The transducer pairing stem (P2) that lies at the interface between the Spinach and riboswitch aptamers affects ligand binding affinity and fluorescence turn-on (15). Thus, changing the transducer stem serves as another strategy to improve the biosensor. A survey of different P2 sequences of varying lengths and thermodynamic stabilities did not yield brighter biosensors than Ct and Dp (Supplementary Figure S4). However, a similar survey for the Paenibacillus lactis-derived Pl156-Spinach, which exhibited a 1.9-fold turn-on in the original phylogenetic screen, yielded two improved biosensors: Pl-A-Spinach2 (referred to as Pl-A), with a 7 base-pair transducer stem and 5.0-fold turn-on, and Pl-B-Spinach2 (referred to as Pl-B), with a 4 base-pair transducer stem and 4.2-fold turn-on (Figure 3A, Supplementary Figure S4). Non-binding mutants of the biosensors (Pl-A-M and Pl-B-M) again showed minimal response to c-di-GMP.

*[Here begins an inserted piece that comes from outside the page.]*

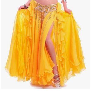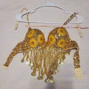 3 piece outfit, Yellow/ gold outfit comes with the long skirt, skirt overlay, and bra. Sequins & beads. Adjustable bra straps. Ruler pictured measures in inches. Size small

Second-generation biosensors are brighter than parent Spinach2
Through screening the phylogenetic and P2 stem libraries (a total of 68 constructs), we identified four second-generation biosensors with improved brightness and fluorescence turn-on that span a range of binding affinities for c-di-GMP (Figure 3B, Supplementary Figure S5). This suite of biosensors is responsive from 10% to 90% signal from <400 pM to 2.5 μM c-di-GMP, which is about four orders of magnitude in c-di-GMP concentrations. The biosensors also maintain selectivity toward c-di-GMP versus all other cyclic di-nucleotides and related compounds (Supplementary Figure S6). The two highest-affinity biosensors, Ct and Pl-B, respond to high concentrations of pGpG, a linear cleavage product of c-di-GMP specific phosphodiesterases, but the biosensors still are ∼2000-fold selective for c-di-GMP, as each biosensor's fluorescence response to 100 nM c-di-GMP is similar to that with 50 μM pGpG (Supplementary Figure S6C). These biosensors are also less affected by changes in temperature and Mg2+ concentration than Vc2-Spinach (Supplementary Figure S7). Furthermore, these biosensors all activate in response to c-di-GMP at least 13 times more rapidly than Vc2-Spinach (t1/2 = 1–1.5 min for new biosensors, t1/2 = 20.25 min for Vc2-Spinach) (Figure 3C, Supplementary Figure S1).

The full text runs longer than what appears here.